LETTERS TO THE EDITOR: Letters & Announcements
We thank Dr. Weinberg for his interest in our recent publication (1) and appreciate the opportunity to respond to his comments. Dr. Weinberg and colleagues (2) proposed the inhibition of mitochondrial transport of fatty acid as a mechanism underlying the cardiovascular toxicity of local anesthetics. They calculated the half- inhibitory concentrations (IC50) for bupivacaine and ropivacaine as 0.26 mM and 0.65 mM, respectively. It seems that these IC50 values are still higher than the corresponding plasma concentrations of bupivacaine and ropivacaine at the onset of asystole reported in our paper (0.13 mM and 0.15 mM, respectively). However, care must be taken in interpreting our data because the plasma concentrations of local anesthetics at the onset of asystole are considerably affected by the rate of infusion (3). In addition, isoflurane, which has been reported to affect different mitochondrial functions (4), was used for basal anesthesia in our study.
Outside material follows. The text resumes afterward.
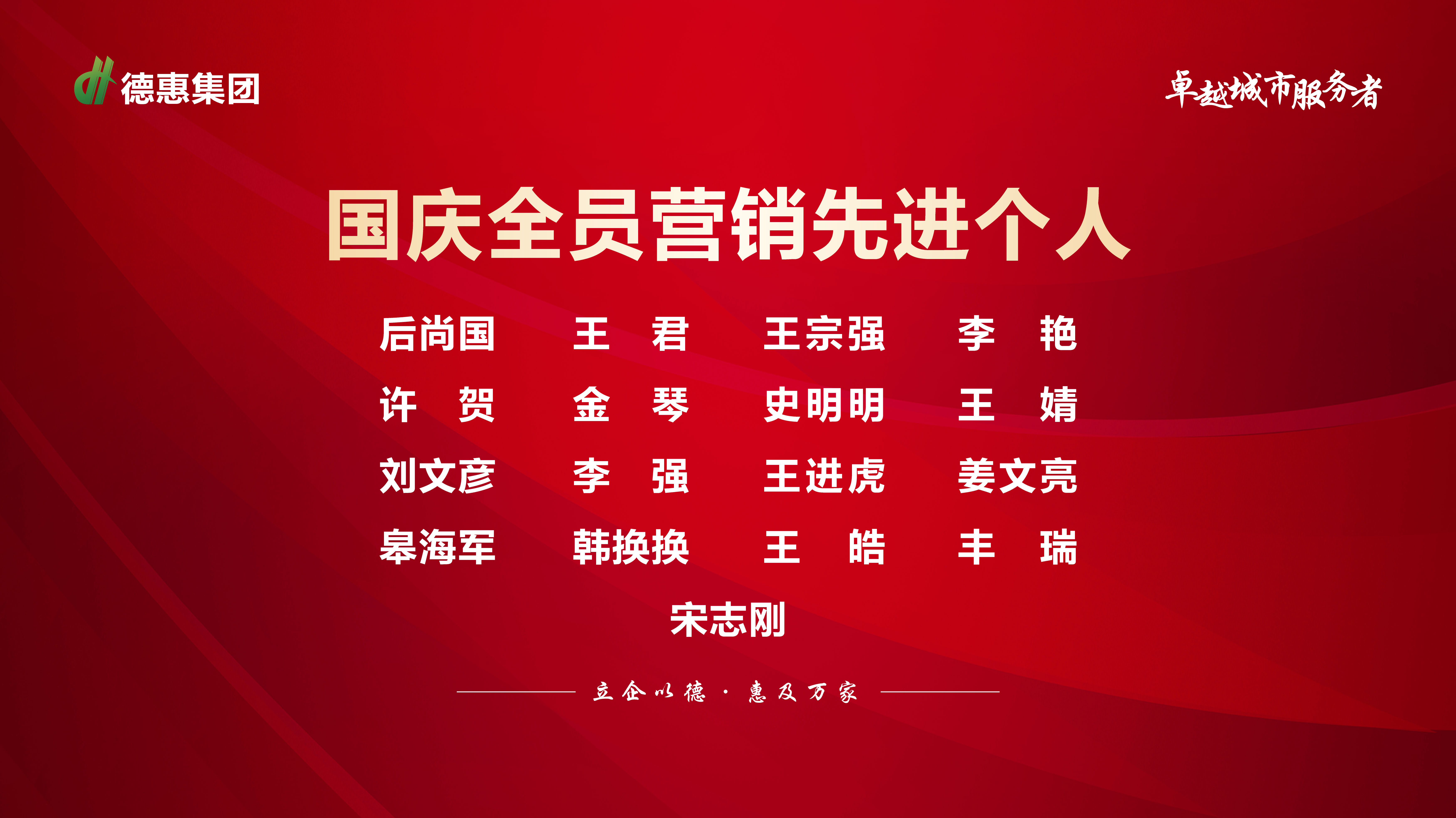 隨后,為樹(shù)立標(biāo)桿,表彰先進(jìn),集團(tuán)對(duì)國(guó)慶黃金銷售期中業(yè)績(jī)明顯、思想站位高、解決問(wèn)題能力強(qiáng)的17位全員營(yíng)銷先進(jìn)模范進(jìn)行表彰。

We suppose that the cardiovascular toxicity induced by local anesthetics may be explained in part by the mitochondrial mechanism. However, the clinical relevance of the mechanism is yet to be determined.
Shigeo Ohmura, MD
Masayuki Kawada, MD
1. Ohmura S, Kawada M, Ohta T, et al. Systemic toxicity and resuscitation in bupivacaine-, levobupivacaine-, or ropivacaine-infused rats. Anesth Analg 2001; 93: 743–8.
2. Weinberg GL, Palmer JW, VadeBoncouer TR, et al. Bupivacaine inhibits acylcarnitine exchange in cardiac mitochondria. Anesthesiology 2000; 92: 523–8.
3. Dony P, Dewinde V, Vanderick B, et al. The comparative toxicity of ropivacaine and bupivacaine at equipotent doses in rats. Anesth Analg 2000; 91: 1489–92.
4. Cohen PJ. Effect of anesthetics on mitochondrial function. Anesthesiology 1973; 39: 153–64.